Counting distributions of indistinguishable objects to distinct boxes: Since the problem you cited has $n$ indistinguishable objects, let's suppose we wish to place $n$ indistinguishable objects in $k$ distinct boxes. If $x_j$ is the number of objects placed in the $j$th box, where $1 \leq j \leq k$, then $$x_1 + x_2 + x_3 + \cdots + x_k = n \tag{1}$$
is an equation in the nonnegative integers (unless it is specified that no box is to be left empty). A particular solution of the equation corresponds to the placement of $k - 1$ addition signs in a row of $n$ ones.

To illustrate, suppose $n = 12$ and $k = 6$, so we wish to find the number of solutions of the equation $$x_1 + x_2 + x_3 + x_4 + x_5 + x_6 = 12 \tag{2}$$ in the nonnegative integers.
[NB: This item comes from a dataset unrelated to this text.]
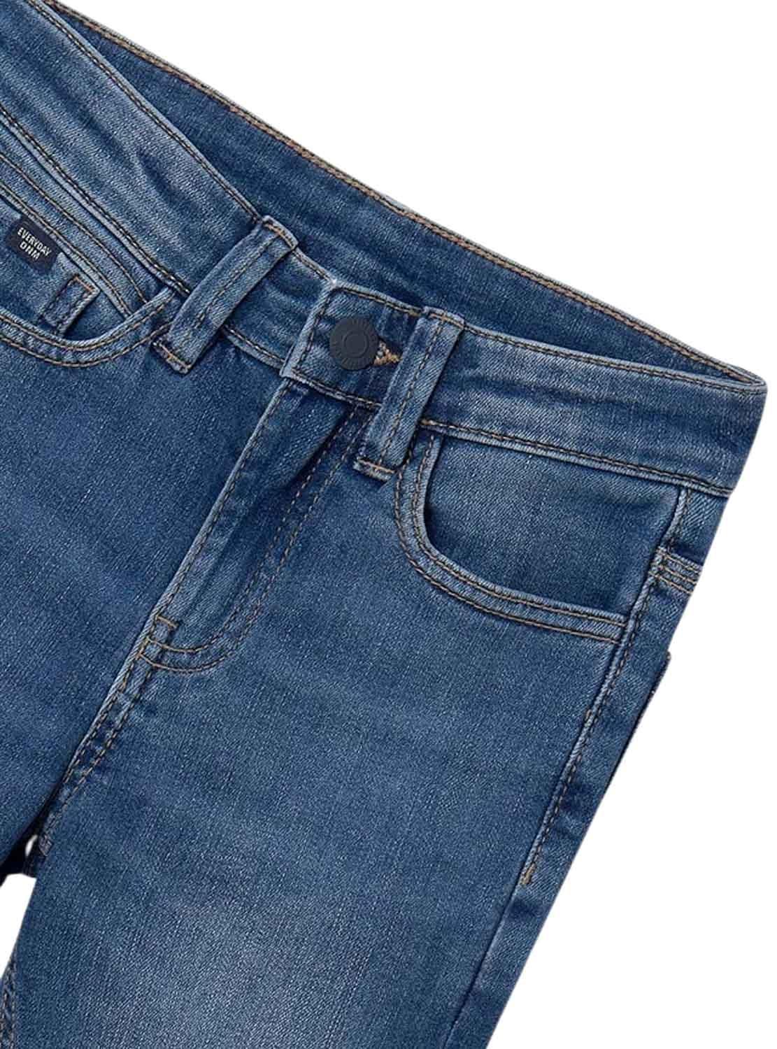 Calças jeans Mayoral. Tecido jeans. Corte Skinny. Cor azul. Cintura com presilhas para cinto. Fechamento por botão e zíper. Lado Bolsos.

Then $$1 1 1 + 1 + + 1 1 + 1 1 1 1 + 1 1$$ corresponds to the solution $x_1 = 3, x_2 = 1, x_3 = 0, x_4 = 2, x_5 = 4, x_6 = 2$. The number of solutions of equation 2 in the nonnegative integers is $$\binom{12 + 6 - 1}{6 - 1} = \binom{17}{5}$$ since we must choose which $6 - 1 = 5$ of the $12 + 6 - 1 = 17$ positions required for $12$ ones and $6 - 1 = 5$ addition signs will be filled with addition signs. Equivalently, the number of solutions of equation 2 in the nonnegative integers is $$\binom{12 + 6 - 1}{12} = \binom{17}{12}$$ since we must choose which $12$ of the $12 + 6 - 1 = 17$ positions required for $12$ ones and $6 - 1 = 5$ addition signs will be filled with ones.
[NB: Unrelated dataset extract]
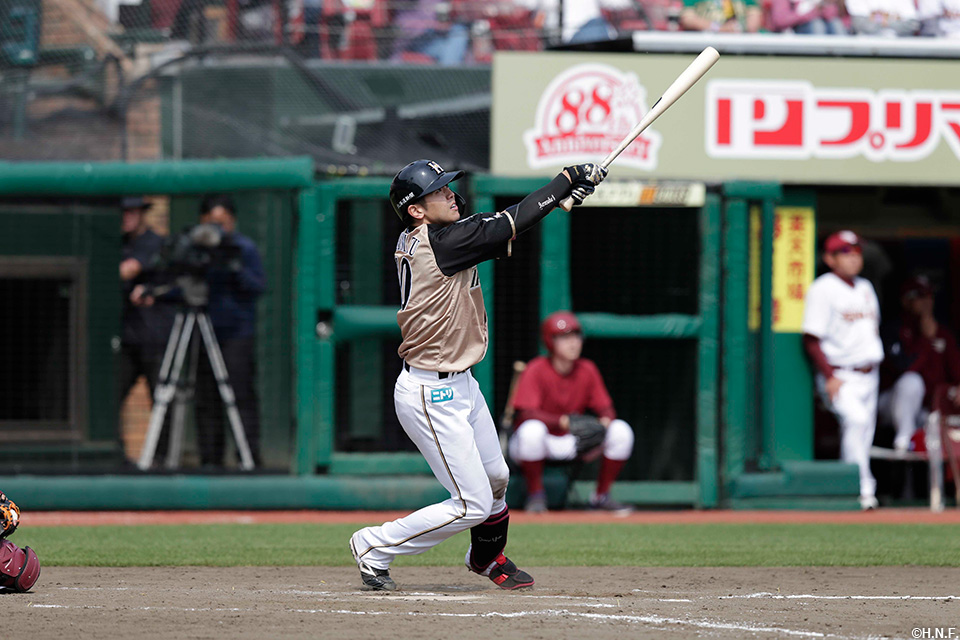 8番 清水 中犠飛 ランナー2,3塁 センターへ犠牲フライ 3塁 楽0-1日 2アウト ![]() 0

In the general case, we must choose which $k - 1$ of the $n + k - 1$ positions required for $n$ ones and $k - 1$ addition signs will be filled with addition signs or which $n$ of those $n + k - 1$ positions will be filled with ones, so equation 1 has $$\binom{n + k - 1}{k - 1} = \binom{n + k - 1}{n}$$ solutions.

Selecting $n$ objects from $k$ types of objects: The related question of selecting $n$ objects from $k$ types of objects also reduces to solving equation 1 in the nonnegative integers. This is called a combination with repetition problem and yields the same formula as above.
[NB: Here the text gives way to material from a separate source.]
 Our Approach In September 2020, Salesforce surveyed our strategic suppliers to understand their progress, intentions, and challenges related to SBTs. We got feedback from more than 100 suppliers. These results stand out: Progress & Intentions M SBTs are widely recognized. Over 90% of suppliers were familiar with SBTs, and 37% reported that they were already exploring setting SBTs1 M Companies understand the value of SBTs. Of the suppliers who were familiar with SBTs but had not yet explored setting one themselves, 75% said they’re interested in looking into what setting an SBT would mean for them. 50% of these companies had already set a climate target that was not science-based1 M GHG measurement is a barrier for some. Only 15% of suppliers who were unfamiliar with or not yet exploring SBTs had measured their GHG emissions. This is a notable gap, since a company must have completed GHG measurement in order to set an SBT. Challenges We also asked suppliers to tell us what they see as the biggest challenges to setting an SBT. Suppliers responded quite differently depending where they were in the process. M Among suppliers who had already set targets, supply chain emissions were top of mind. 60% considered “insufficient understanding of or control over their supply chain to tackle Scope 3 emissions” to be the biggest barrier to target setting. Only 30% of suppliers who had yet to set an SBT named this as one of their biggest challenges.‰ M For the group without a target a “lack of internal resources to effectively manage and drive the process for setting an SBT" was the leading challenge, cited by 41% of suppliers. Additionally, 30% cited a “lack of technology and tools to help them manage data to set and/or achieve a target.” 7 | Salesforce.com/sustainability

Caveat: However, in the link, you will notice that the problem is phrased as selection $k$ objects from $n$ types of objects, which reduces to solving the equation $$x_1 + x_2 + x_3 + \cdots + x_n = k \tag{3}$$ in the nonnegative integers. Reasoning as above, we interchange the roles of $n$ and $k$, which yields the formula $$\binom{k + n - 1}{n - 1} = \binom{k + n - 1}{k}$$ Therefore, you have to pay attention to whether $n$ is the number of objects and $k$ is the number of boxes, as in your example, or whether $k$ is the number of objects and $n$ is the number of boxes, as in the linked formula. If you understand the derivation, you can derive the correct formula regardless of whether $n$ stands for the number of objects and $k$ stands for the number of boxes or vice versa.

Distributing distinct objects to indistinguishable boxes: The number of ways of placing $n$ objects into $k$ indistinguishable boxes if no box is left empty is the Stirling number of the second kind $S(n, k)$. If you wish to count all partitions into nonempty sets, you add the Stirling numbers of the second kind to obtain the Bell number $B_n$.

Distributing indistinguishable objects to indistinguishable boxes: This is an integer partition problem.